Evangelical Philosopher tells of return to Rome

Over the past 18 months or so I have been reading a variety of books about Catholicism. This was partially sparked by a friend that became Catholic, but just as much it is about understanding a large segment of the church that I do not have real experience with.

If we take John 17 seriously, then Jesus was praying that the church (universal) be one. And a church that does not at least strive to understand those that are in different streams cannot be one. So I read one or two books a month outside of my Evangelical background to better understand parts of the church that are outside of my experience.

I have found that conversion stories are particularly helpful.
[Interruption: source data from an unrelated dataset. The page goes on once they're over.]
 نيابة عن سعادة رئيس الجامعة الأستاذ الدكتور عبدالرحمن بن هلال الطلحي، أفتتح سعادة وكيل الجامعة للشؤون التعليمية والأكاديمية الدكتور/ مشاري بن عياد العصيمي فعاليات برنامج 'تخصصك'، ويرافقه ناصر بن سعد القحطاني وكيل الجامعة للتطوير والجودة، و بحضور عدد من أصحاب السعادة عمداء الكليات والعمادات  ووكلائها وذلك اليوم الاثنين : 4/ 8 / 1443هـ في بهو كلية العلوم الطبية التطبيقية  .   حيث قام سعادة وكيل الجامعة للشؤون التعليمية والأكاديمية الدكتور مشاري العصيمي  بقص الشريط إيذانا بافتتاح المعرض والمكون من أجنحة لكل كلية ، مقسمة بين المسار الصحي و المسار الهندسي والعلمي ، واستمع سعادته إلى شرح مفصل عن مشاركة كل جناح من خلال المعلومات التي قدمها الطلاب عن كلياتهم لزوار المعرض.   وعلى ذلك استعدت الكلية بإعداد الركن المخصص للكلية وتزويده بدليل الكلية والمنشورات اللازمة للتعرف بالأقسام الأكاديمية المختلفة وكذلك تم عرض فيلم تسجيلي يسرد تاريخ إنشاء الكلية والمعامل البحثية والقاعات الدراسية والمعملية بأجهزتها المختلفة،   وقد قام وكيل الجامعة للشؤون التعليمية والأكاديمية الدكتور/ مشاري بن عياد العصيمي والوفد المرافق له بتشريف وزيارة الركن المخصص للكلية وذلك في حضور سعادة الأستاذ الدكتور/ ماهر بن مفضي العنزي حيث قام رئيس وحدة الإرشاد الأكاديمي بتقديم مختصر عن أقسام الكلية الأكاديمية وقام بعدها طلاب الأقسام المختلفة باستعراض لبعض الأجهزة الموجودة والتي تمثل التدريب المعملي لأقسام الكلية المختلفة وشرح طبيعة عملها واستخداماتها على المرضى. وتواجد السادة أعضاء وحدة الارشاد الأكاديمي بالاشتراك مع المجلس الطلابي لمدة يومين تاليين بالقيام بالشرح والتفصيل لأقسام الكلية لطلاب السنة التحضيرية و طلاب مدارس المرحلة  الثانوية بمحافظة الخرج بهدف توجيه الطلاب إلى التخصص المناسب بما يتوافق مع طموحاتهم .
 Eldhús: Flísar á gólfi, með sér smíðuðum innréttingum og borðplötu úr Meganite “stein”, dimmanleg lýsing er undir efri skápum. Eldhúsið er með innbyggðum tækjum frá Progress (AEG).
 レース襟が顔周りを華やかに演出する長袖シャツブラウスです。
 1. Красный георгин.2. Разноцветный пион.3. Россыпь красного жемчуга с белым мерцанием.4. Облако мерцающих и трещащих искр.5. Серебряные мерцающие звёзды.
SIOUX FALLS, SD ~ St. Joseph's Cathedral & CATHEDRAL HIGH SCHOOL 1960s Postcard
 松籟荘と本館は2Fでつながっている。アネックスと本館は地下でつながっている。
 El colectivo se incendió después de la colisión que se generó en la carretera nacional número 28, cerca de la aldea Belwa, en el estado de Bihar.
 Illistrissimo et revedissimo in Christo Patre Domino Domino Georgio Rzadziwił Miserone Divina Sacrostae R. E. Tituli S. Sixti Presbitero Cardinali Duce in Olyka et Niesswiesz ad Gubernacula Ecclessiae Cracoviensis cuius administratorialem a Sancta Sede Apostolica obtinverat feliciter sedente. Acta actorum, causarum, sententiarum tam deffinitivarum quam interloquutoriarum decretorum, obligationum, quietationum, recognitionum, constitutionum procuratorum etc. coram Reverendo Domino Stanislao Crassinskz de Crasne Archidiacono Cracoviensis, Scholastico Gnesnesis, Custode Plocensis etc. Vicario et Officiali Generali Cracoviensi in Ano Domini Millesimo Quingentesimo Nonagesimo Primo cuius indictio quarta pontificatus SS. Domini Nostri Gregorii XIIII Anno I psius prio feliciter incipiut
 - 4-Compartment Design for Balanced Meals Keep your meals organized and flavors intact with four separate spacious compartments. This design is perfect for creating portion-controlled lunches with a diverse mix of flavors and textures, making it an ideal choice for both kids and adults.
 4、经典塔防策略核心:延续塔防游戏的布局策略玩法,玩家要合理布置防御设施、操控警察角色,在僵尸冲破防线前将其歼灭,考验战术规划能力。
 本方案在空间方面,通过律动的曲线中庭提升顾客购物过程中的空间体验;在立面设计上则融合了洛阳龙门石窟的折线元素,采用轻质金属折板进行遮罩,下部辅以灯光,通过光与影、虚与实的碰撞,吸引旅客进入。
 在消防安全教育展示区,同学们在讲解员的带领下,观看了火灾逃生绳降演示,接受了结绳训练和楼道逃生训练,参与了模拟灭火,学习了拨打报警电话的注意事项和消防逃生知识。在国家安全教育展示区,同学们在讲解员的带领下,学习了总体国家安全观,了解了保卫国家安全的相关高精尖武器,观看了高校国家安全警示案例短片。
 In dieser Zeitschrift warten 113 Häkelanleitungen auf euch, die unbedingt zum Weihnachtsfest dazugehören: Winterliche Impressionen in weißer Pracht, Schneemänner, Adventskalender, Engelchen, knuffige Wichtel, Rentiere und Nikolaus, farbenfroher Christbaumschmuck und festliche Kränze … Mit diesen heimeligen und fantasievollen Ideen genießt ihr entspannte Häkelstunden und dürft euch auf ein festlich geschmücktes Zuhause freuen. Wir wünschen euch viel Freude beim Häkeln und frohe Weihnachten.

In part because people that convert out of the evangelical world still understand it and are well placed to be able to speak in a language that Evangelicals will understand and can act as mediators between the worlds.

Francis Beckwith is a Christian philosopher, former head of the Evangelical Theological Society and current professor at Baylor University. This is a short book. I remember the small dust up his conversion caused in 2007. But I have not actually read anything by him previously and did not really know much about his work.

Beckwith grew up in a Catholic family. But he really discovered faith in a charismatic Protestant church as a teen. In and out of Protestant and Catholic churches and schools over the next twenty years, he was familiar with both the theology and people on both sides. I think because Beckwith still works in a protestant university with a host of Evangelical, Catholic, and Orthodox academics he has bent over backwards to keep this a personal account and very low key. Beckwith is far from the angry convert that is railing against what he is leaving.

The end of the book is more focused on some of the theological issues and responds directly to the Evangelical Theological Society, but this conversion story is not primarily about theology as Scott Hahn’s Rome Sweet Home account was. Instead this seems to be more about a sociological issues of conversion.

Beckwith at one point comments that for him, many common Evangelical disagreements with Rome (Mary, Purgatory, the Apocrypha, etc) were not big issues because either the the Catholic church has the authority or it does not. If it has the authority it claims then those issues were decided by the appropriate authorities and if they don’t have the authority then it does not matter.

I think like many converts to that I have read authority of the church is the central issue, that seems to be true for Beckwith but if anything he seems to embrace that authority more clearly than others I have read. However, Beckwith is a philosopher, he is not a slough for theology and I think his response to the Evangelical Theological society’s statement of faith (that he agrees with) is a good illustration of the problems that many Evangelicals are unaware of with their own theology. (Essentially sola scriptura cannot be defended as a theological point except by reaching outside of scripture to defend it.)

I did find one antidote very telling and concerning. He said (without using any names, but with enough references to know who he was talking about) that after he conversion he listened to a public discussion of his conversion and one of the participants lamented about ‘how a person of Beckwith’s intellect could convert’. This is problematic for Evangelicals precisely because people say that same thing about people that convert to Christianity as a whole. It was a passing comment, but it reflects a real belief by many Evangelicals.

On the whole, this was a well written and helpful book. I do wish there was some more details in places, but it is his story to tell and he gets to tell it in his own way.